Berlin. Beim Treffen von Joe Biden und Xi Jinping geht es auch um unsere Sicherheit. Eine Eskalation im Streit um Taiwan wäre brandgefährlich.
Die Erwartungen an das Treffen der beiden mächtigsten Männer der Welt sind immens. Auch für Deutschland und Europa geht es um viel bei der Begegnung von US-Präsident Joe Biden und Chinas Staatschef Xi Jinping in San Francisco. Wenn es gut läuft, werden sie ihre gefährliche Sprachlosigkeit überwinden und so viel Kooperation vereinbaren, dass sich die beiden heißen Großkonflikte in der Ukraine und Nahost mindestens eindämmen, vielleicht auch bald beenden lassen.

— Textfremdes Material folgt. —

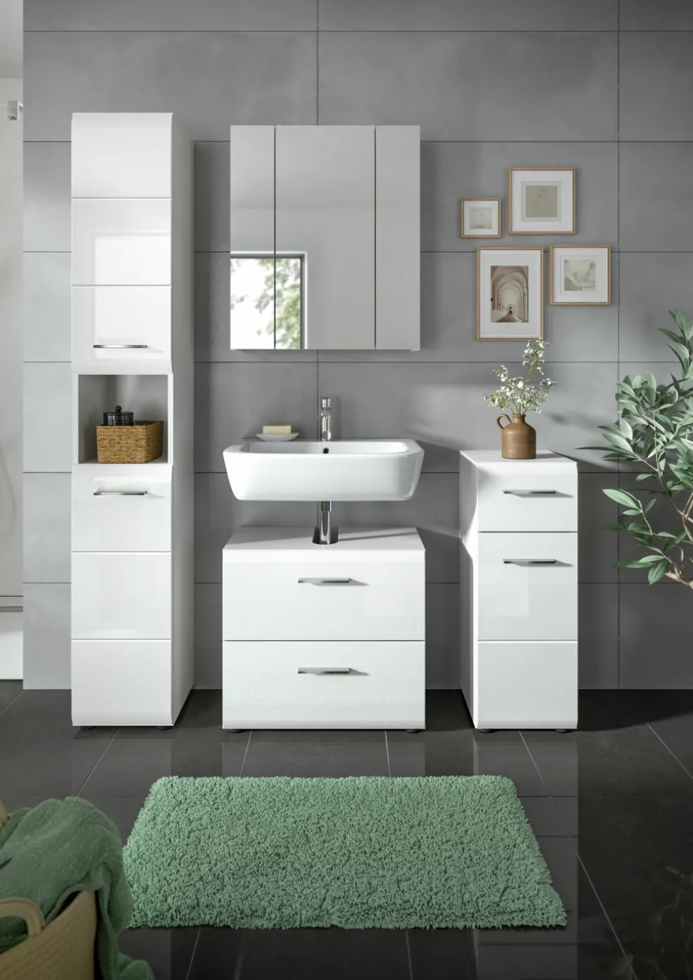 1 armoire de toilette avec 3 portes et 6 tablettes amovibles

Klappt es noch besser, werden Biden und Xi ihren wirtschaftlichen Spannungen mildern, in die zunehmend Europa hineingezogen wird. Läuft es aber schlecht, wird das Treffen weltweit die Sorge vor einem weiteren, einem dritten Krieg befeuern: Eine verschärfte Krise um Taiwan, die nach einem befürchteten chinesischen Invasionsversuch schnell zu einer direkten militärischen Konfrontation zwischen China und den USA werden könnte. Es wäre der ultimative Albtraum für die Weltgemeinschaft, politisch und ökonomisch eine Katastrophe.

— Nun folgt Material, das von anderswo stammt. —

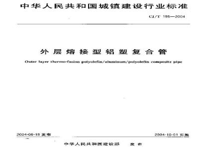 本标准于2004年8月18日首次发布。本标准为第一次制定。本标准主要参考国家标准GB/T 18997.1 -2003《铝塑复合压力管第1部分:铝管搭接焊式铝塑管》,GB/T 18742-2002《冷热水用聚丙烯管道系统》,GB/T 13663-2000《给水用聚乙烯(PE)管材》及城镇建设行业标准CJ/T 175-2002《冷热水用耐热聚乙烯(PE-RT)管道系统》等标准编写。本标准规定了由搭接焊铝管作为嵌入金属层增强,通过共挤热熔粘合剂与内层聚丙烯或聚乙烯、外层聚丙烯塑料复合而成的外层熔接型铝塑复合压力管的定义、符号、缩略语、分类标记、材料、要求、试验方法、检验规则和标志、使用说明书、包装、运输、贮存。本标准适用于冷热水管道系统,包括工业及民用冷热水、饮用水和热水采暖系统等。本标准不适用于灭火系统和非水介质的流体输送系统。 CJ/T 195-2004 外层熔接型铝塑复合管 CJ/T195-2004 标准下载解压密码:www.bzxz.net

Dennoch halten manche Falken im US-Militär den Krieg um Taiwan schon in ein bis zwei Jahren für möglich. Und in Peking wird damit gedroht, China werde 2027 militärisch bereit für eine Invasion der Insel sein, auch wenn eine friedliche Wiedervereinigung mit Taiwan bevorzugt werde. Es droht ein massiver Waffengang: Taiwan wäre militärisch schwer einzunehmen, zumal für die zwar große, aber nicht kampferprobte chinesische Armee – andererseits wäre die Insel auch schwerer zu unterstützen.

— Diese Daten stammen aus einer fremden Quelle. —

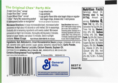 › recipes › the-original-chex-party-mixOriginal Chex™ Party Mix (1/2 Batch) 1 tablespoon Worcestershire sauce; 3/4 teaspoon seasoned salt; 1/4 teaspoon garlic powder; 1/4 teaspoon onion powder; 1 1/2 cups Corn Chex™ cereal; 1 1/2 cups Rice Chex™ cereal; 1 1/2 cups Wheat Chex™ cereal; 1/2 cup mixed nuts; 1/2 cup bite-size pretzels; 1/2 cup garlic-flavor bite-size bagel chips or regular-size bagel chips, broken ...

Die USA senden widersprüchliche Signale, ob und wie sie Taiwan militärisch verteidigen würden, eine formelle Unabhängigkeitserklärung befürworten sie offiziell nicht. Doch im Ernstfall bliebe wohl kaum eine Wahl: Taiwan preiszugeben, würde die Glaubwürdigkeit amerikanischer Schutzversprechen weltweit irreparabel erschüttern. Auch wenn sich der Krieg auf die Region und auf konventionelle Waffen begrenzen ließe, wären die Opferzahlen hoch. Und die Folgen weltweit wären gravierend, bei einer Eskalation zum nuklearen Krieg verheerend.
Umso beunruhigender sind die Krisenzeichen in der Region. China wehrt sich gegen die amerikanische Präsenz vor der Haustür, immer öfter überfliegen seine Jets provozierend taiwanesisches Territorium, immer öfter kommt es zum Zusammenstoß seiner Marine mit Nachbarn im südchinesischen Meer.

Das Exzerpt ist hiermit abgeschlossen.